The connection between macaques and communities runs deep.  A relationship built over many, many years, slowly and intentionally, learning about each other. Maybe conservation is tricky in urban, tourist dominant regions. But the existence of these relationships between people and wildlife emphasizes the need to be inclusive and respectful of the communities around wildlife. With one simple conversation with such communities who live, breathe, and navigate macaque interactions, it is evident that they simply hope to not face economic loss; simultaneously, macaques need their habitats intact and resources available. The beauty lies in the balance. In slowing down, listening, observing, being present. In acknowledging the depth of interconnectedness, especially in the reality of commensal species like macaques.

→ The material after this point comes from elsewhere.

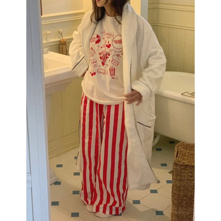 (국산) 디즈니 캐릭터 화이트 순면 긴팔 티셔츠 스트라이프 파자마 팬츠 투피스 잠옷 세트 미키 우정 홈웨어
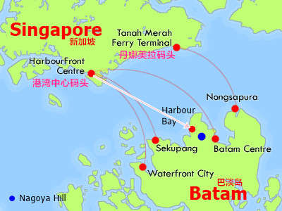 å·´æ·¡å²›(Batam Island)属于å°å°¼ï¼Œä½†ç”±äºŽç´§ä¸´æ–°åŠ å¡ï¼Œæ‰€ä»¥ä¸€èˆ¬éƒ½æ˜¯ä»Žæ–°åŠ å¡åèˆ¹è¿‡åŽ»ã€‚ä»Žæ–°åŠ å¡åŽ»å·´æ·¡å²›æœ‰ä¸¤ä¸ªåœ°æ–¹å¯ä»¥å船,一个是丹那美拉(Tenah Merah Ferry Terminal),一个是港湾(Harbourfront Ferry Terminal)。巴淡岛上有5个ä¸åŒçš„æ¸¯å£ï¼Œå®ƒä»¬åˆ†åˆ«æ˜¯Harbour Bay, Batam Centre, Nongsapura, Sekupang, Waterfront City。 ä¸ºèŠ‚çœæ—¶é—´å’Œè·¯ç¨‹ï¼Œå¤§å®¶å¯ä»¥æ ¹æ®è‡ªå·±çš„æƒ…况æ¥ç¡®å®šè‡ªå·±çš„出å‘和到达港å£ï¼Œï¼ˆæˆ–旅游é…套ä¸çš„规定的出å‘到达港å£ï¼‰ï¼Œææ—©é¢„定渡轮。

Ever so often, we tend to impose purist conservation ideals but embracing intertwined connections will take us farther in our conservation goals. Maybe, it’s time we looked around and changed our approach, being one among them, rather than needing a distinct separation, between them, between us.


As the sun finally began dipping below the horizon, it cast a golden hue on our little landscape and a wisp of wind blew across, rustling the leaves around me, and the papers in my book. A sub-adult macaque climbed up the Peepal and hunched over, getting ready to get comfortable for the night, and probably completely unaware of how his kind had inspired deep thoughts in me that day. He did have to regain his energy for another eventful day of adventures with his troop and inspiring more stories among the humans. As I watched him, I truly believed, this is the side of macaques and people we need to foster, embrace, and sustain. Not just human-animal interaction, but a connection. One that is patient, kind, and inclusive. Then, we can truly place faith in the kind of coexistent world we’ve been fighting for.


The sub-adult bonnet settling in for the night, against the golden glow of the sunset.